[EXTRACTED MATERIAL — start]
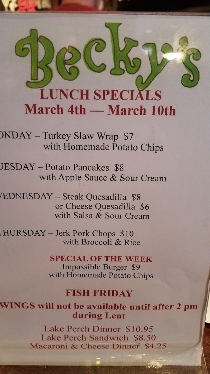 “ I would recommend Becky’s for happy hour and dinner. The bar service was fast and friendly. The burger and fries were pretty good, on par with standard dive bar food. Can’t beat 2.50 wells on happy hour either. Will definitely be back! ”
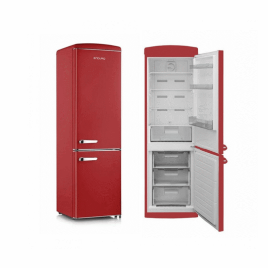 Explorez le réfrigérateur rétro Enduro Nofrost, d’une capacité de 400 litres, revêtu d’un rouge sang éclatant. Cet appareil allie nostalgie et innovation pour une conservation optimale des aliments, ajoutant une touche de caractère à votre cuisine.
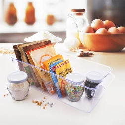 Fabriquée en plastique de qualité, résistant et sûr pour le contact alimentaire. Bords lisses, entretien facile et utilisation polyvalente non seulement dans le réfrigérateur, mais aussi dans le garde-manger, sur les étagères ou dans le dressing et le bureau.
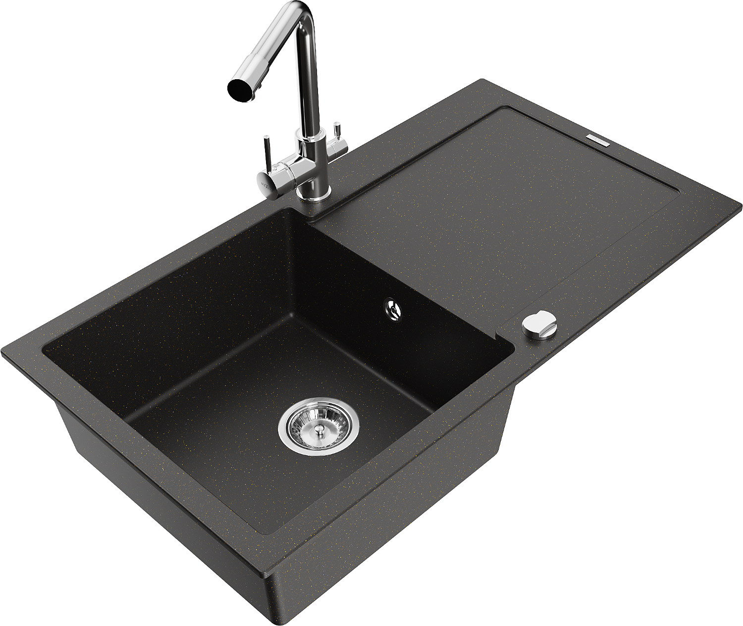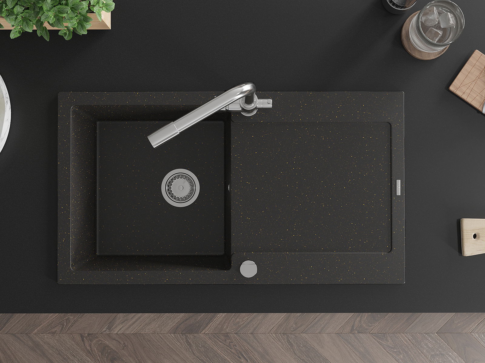 Mexen Leo évier en granit à 1 bac avec égouttoir et robinet de cuisine Duero, noir/or métallique - 6501-75-671600-00
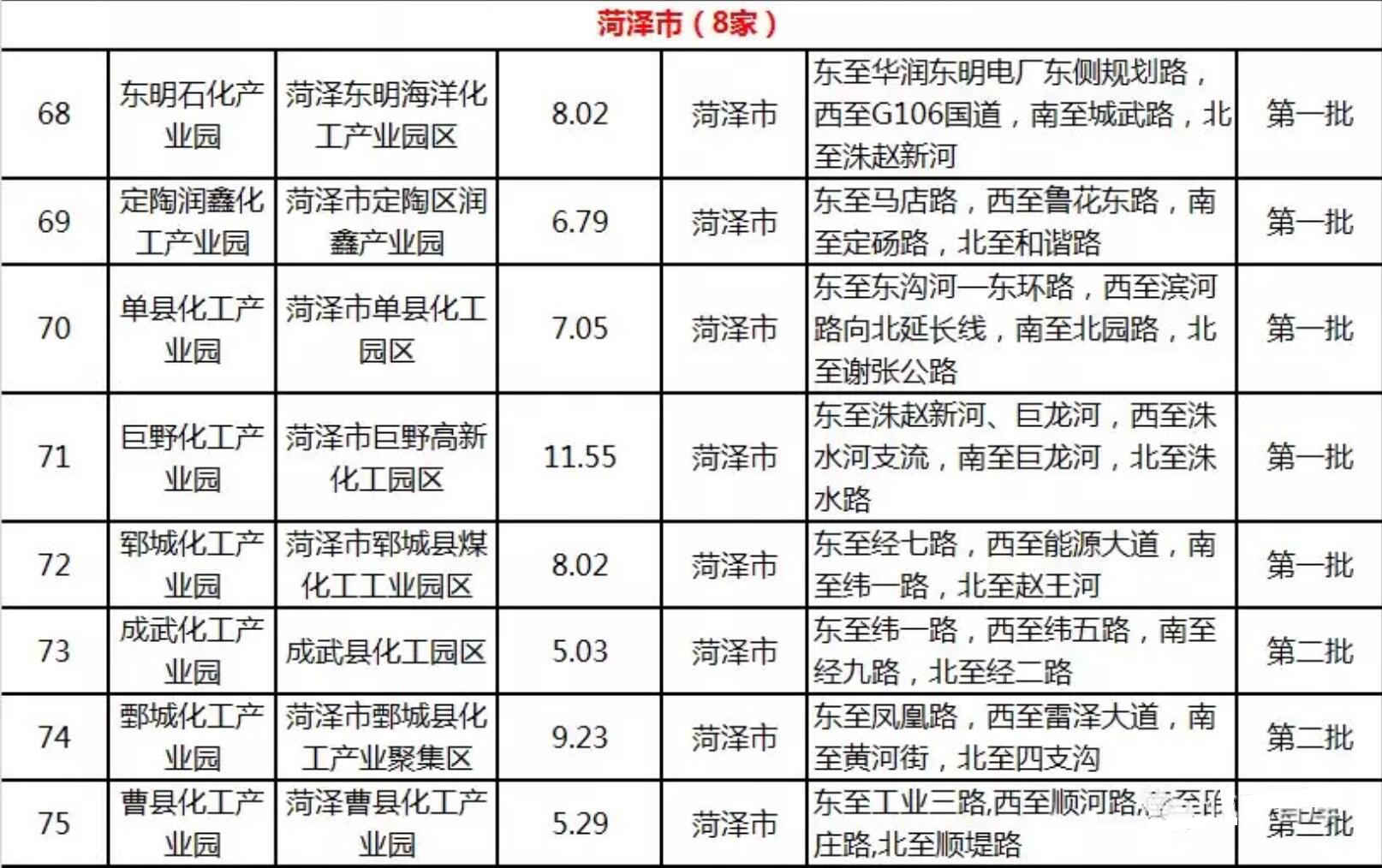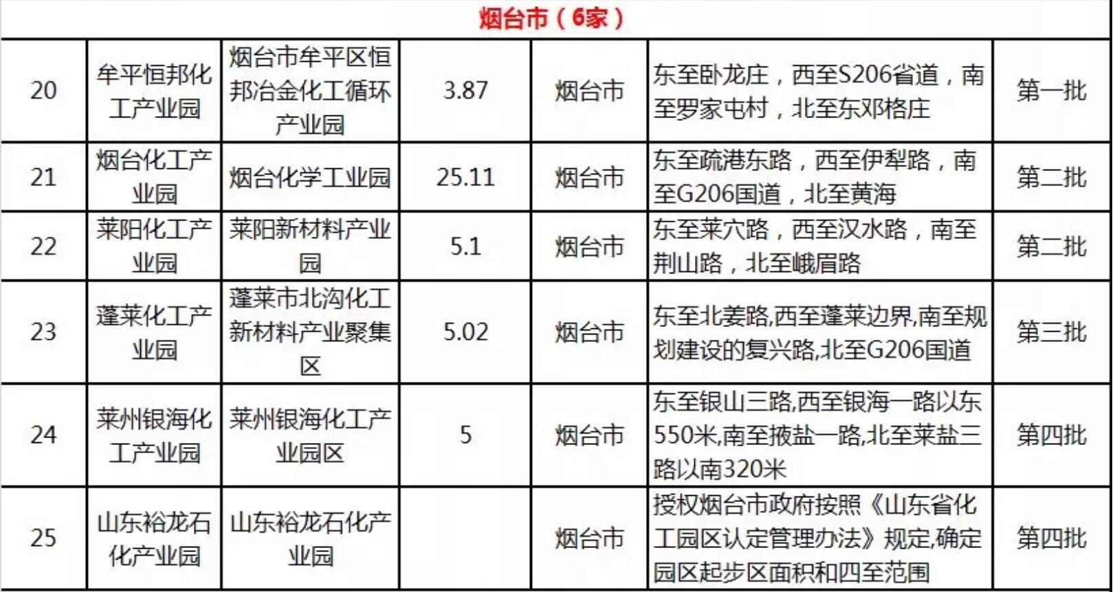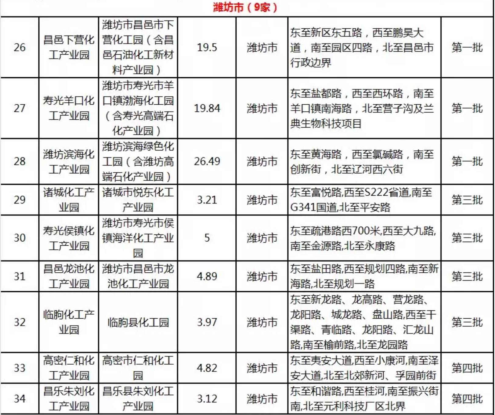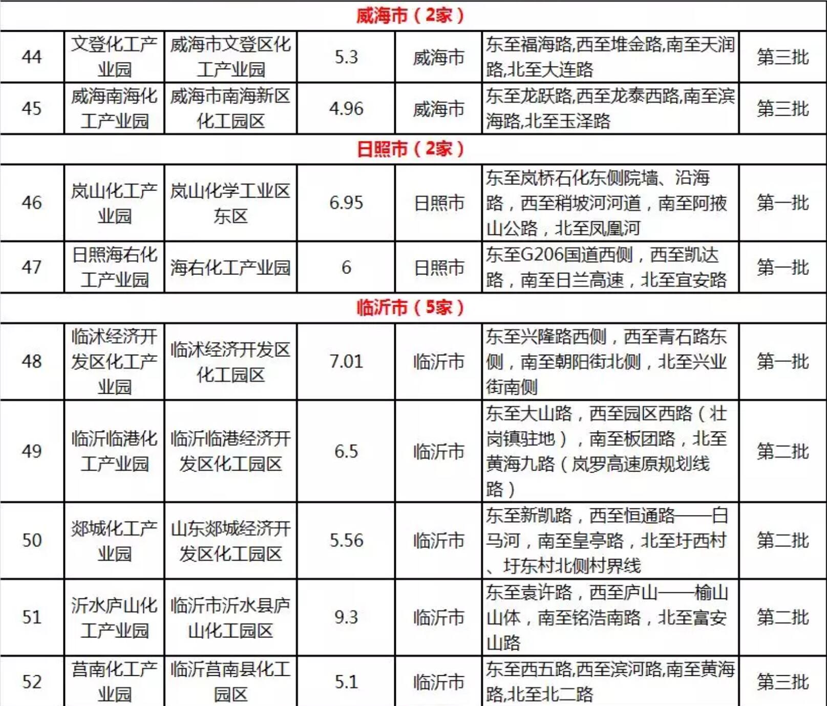 表三 山東省認定專業(yè)化工園區(qū)名單匯總
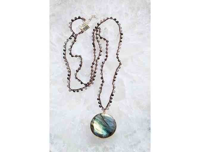Labradorite Bardot Necklace on 32" Handcrochet Labradorite and Pyrite Chain
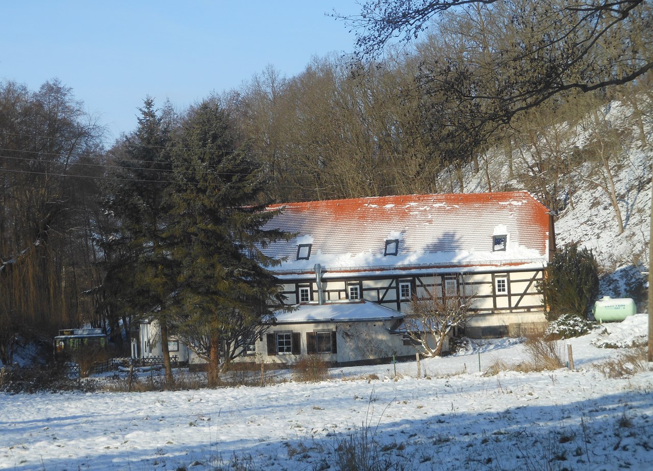 Das Gebäudeensemble mit dem schmuck restaurierten Fachwerkgebäude ist typisch für die Bauweise und Anordnung des 18. und 19. Jahrhunderts in Sachsen im Meißner Land. Die Gebäude stehen heute unter Denkmalschutz. Über dem Eingang zur Gaststätte befindet sich ein weiterer Schlussstein, der die Jahreszahl 1816 und ein Kammrad mit Zirkel, dem Müllerzeichen, trägt.
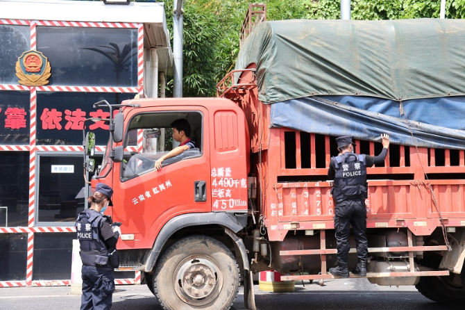 随着国内疫情管控形势持续较好,端午节来往河口边境地区的旅客也较平时有所增加,结合当前建党100周年和端午节安保维稳重大任务实际,该支队新街边境检查站全体民辅警不断加大对过往车辆、人员、货物的查缉力度,严格落实24小时双向查缉制度,坚决不放过一名可疑人员、一件可疑货物、一辆可疑车辆从执勤卡点通过,切实发挥好二线检查站防护过滤作用,筑牢安全屏障。
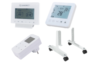 Kaapelit, jalustat ja ohjaimet täydelliseen lämmitysjärjestelmään.
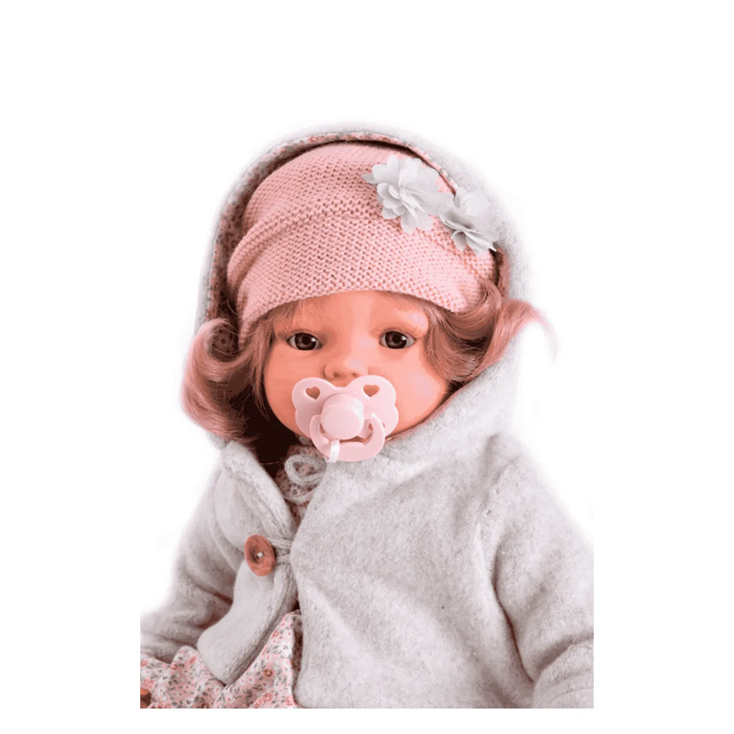 - Incluye abrigo gris con capucha, vestido de flores, culotte, gorro, calcetines y chupete.
[EXTRACTED MATERIAL — finish]
Go through the lines above and write each one out verbatim, skipping the pictures.

 “ I would recommend Becky’s for happy hour and dinner. The bar service was fast and friendly. The burger and fries were pretty good, on par with standard dive bar food. Can’t beat 2.50 wells on happy hour either. Will definitely be back! ”
 Explorez le réfrigérateur rétro Enduro Nofrost, d’une capacité de 400 litres, revêtu d’un rouge sang éclatant. Cet appareil allie nostalgie et innovation pour une conservation optimale des aliments, ajoutant une touche de caractère à votre cuisine.
 Fabriquée en plastique de qualité, résistant et sûr pour le contact alimentaire. Bords lisses, entretien facile et utilisation polyvalente non seulement dans le réfrigérateur, mais aussi dans le garde-manger, sur les étagères ou dans le dressing et le bureau.
 Mexen Leo évier en granit à 1 bac avec égouttoir et robinet de cuisine Duero, noir/or métallique - 6501-75-671600-00
 表三 山東省認定專業(yè)化工園區(qū)名單匯總
Labradorite Bardot Necklace on 32" Handcrochet Labradorite and Pyrite Chain
 Das Gebäudeensemble mit dem schmuck restaurierten Fachwerkgebäude ist typisch für die Bauweise und Anordnung des 18. und 19. Jahrhunderts in Sachsen im Meißner Land. Die Gebäude stehen heute unter Denkmalschutz. Über dem Eingang zur Gaststätte befindet sich ein weiterer Schlussstein, der die Jahreszahl 1816 und ein Kammrad mit Zirkel, dem Müllerzeichen, trägt.
 随着国内疫情管控形势持续较好,端午节来往河口边境地区的旅客也较平时有所增加,结合当前建党100周年和端午节安保维稳重大任务实际,该支队新街边境检查站全体民辅警不断加大对过往车辆、人员、货物的查缉力度,严格落实24小时双向查缉制度,坚决不放过一名可疑人员、一件可疑货物、一辆可疑车辆从执勤卡点通过,切实发挥好二线检查站防护过滤作用,筑牢安全屏障。
 Kaapelit, jalustat ja ohjaimet täydelliseen lämmitysjärjestelmään.
 - Incluye abrigo gris con capucha, vestido de flores, culotte, gorro, calcetines y chupete.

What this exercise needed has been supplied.